This study addresses the long-overlooked carbon cost of wide-area network (WAN) data transfer for geographically migratable cloud workloads, which has constrained effective carbon reduction. We propose the first high-fidelity carbon cost modeling method that jointly incorporates fine-grained physical network topology and regionally dynamic grid carbon intensity, enabling integrated quantification of WAN transmission and computation emissions. Building upon this, we design a geo-temporal joint optimization scheduling framework that jointly determines *when* and *where* to migrate workloads. Empirical evaluation shows that our approach achieves 2.3× greater carbon reduction compared to time-only migration baselines, while reducing WAN carbon cost estimation error to ±8.7%. To our knowledge, this is the first work to empirically demonstrate that integrating spatial workload migration with precise network-aware carbon modeling significantly unlocks the carbon neutrality potential of cloud computing.
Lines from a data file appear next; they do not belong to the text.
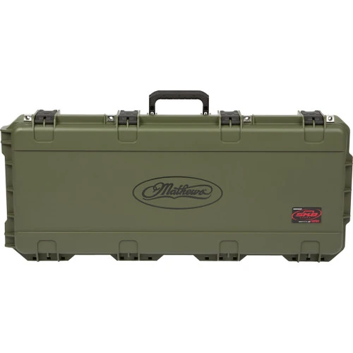 Case features the Mathews logo and has four trigger latches, four reinforced padlock locations, cushioned snap down handles on three sides and recessed, in-line skate style wheels, transporting your gear around the world is both worry and trouble free. The interior features a custom foam insert for secure positioning and cushioning of your gear. New state of the art water-jet cut foam arrow system holds up to a dozen arrows.The iSeries injection molded waterproof cases are constructed of ultra high-strength polypropylene copolymer resin and feature a gasketed, waterproof and dustproof. Interior Dimensions: 35 in L X 14 in W X 4 in D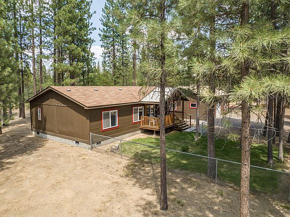 Welcome to your new place of respite, tucked in the Ponderosas! This cute, well maintained and move-in-ready manufactured home in Ponderosa Pines is truly something special. Situated on 1.18 acres, this property is in an excellent location right at the beginning of the subdivision, backs to BLM land, and just a quick drive to paved roads. On the property is a 2-bay shop with an additional storage room, and the cutest bunk-house that was previously used as a home office. The home features a brand new primary bathroom remodel that includes a beautifully tiled shower, new water proof laminate flooring, and new faucet - exterior paint on all structures is also fairly new! Well-built deck/porch space is at both the front and back entrances, small fenced area in the front yard has grass for kids or furry friends to play safely, and there is a gravel circular driveway for easy entry and exit from the property. You won't want to miss out on the opportunity to make this gem your own!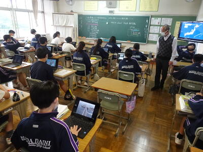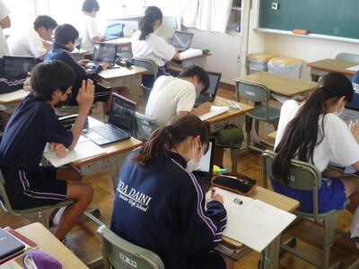 本日、1年生全クラス(1学級ごと)でいじめ防止の授業を外部講師の方に来ていただき行いました。SNSにおける悪口の書き込みに対してどのような選択肢をとるのか。一人一人が自分の意見を持って、正しい行動に移せるか。それは「いじめはよくない」という学級の雰囲気が大切であることを生徒たちも真剣に学んでいました。

Organizations are increasingly offloading their workloads to cloud platforms. For workloads with relaxed deadlines, this presents an opportunity to reduce the total carbon footprint of these computations by moving workloads to datacenters with access to low-carbon power. Recently published results have shown that the carbon footprint of the wide-area network (WAN) can be a significant share of the total carbon output of executing the workload itself, and so careful selection of the time and place where these computations are offloaded is critical. In this paper, we propose an approach to geographic workload migration that uses high-fidelity maps of physical Internet infrastructure to better estimate the carbon costs of WAN transfers. Our findings show that space-shifting workloads can achieve much higher carbon savings than time-shifting alone, if accurate estimates of WAN carbon costs are taken into account.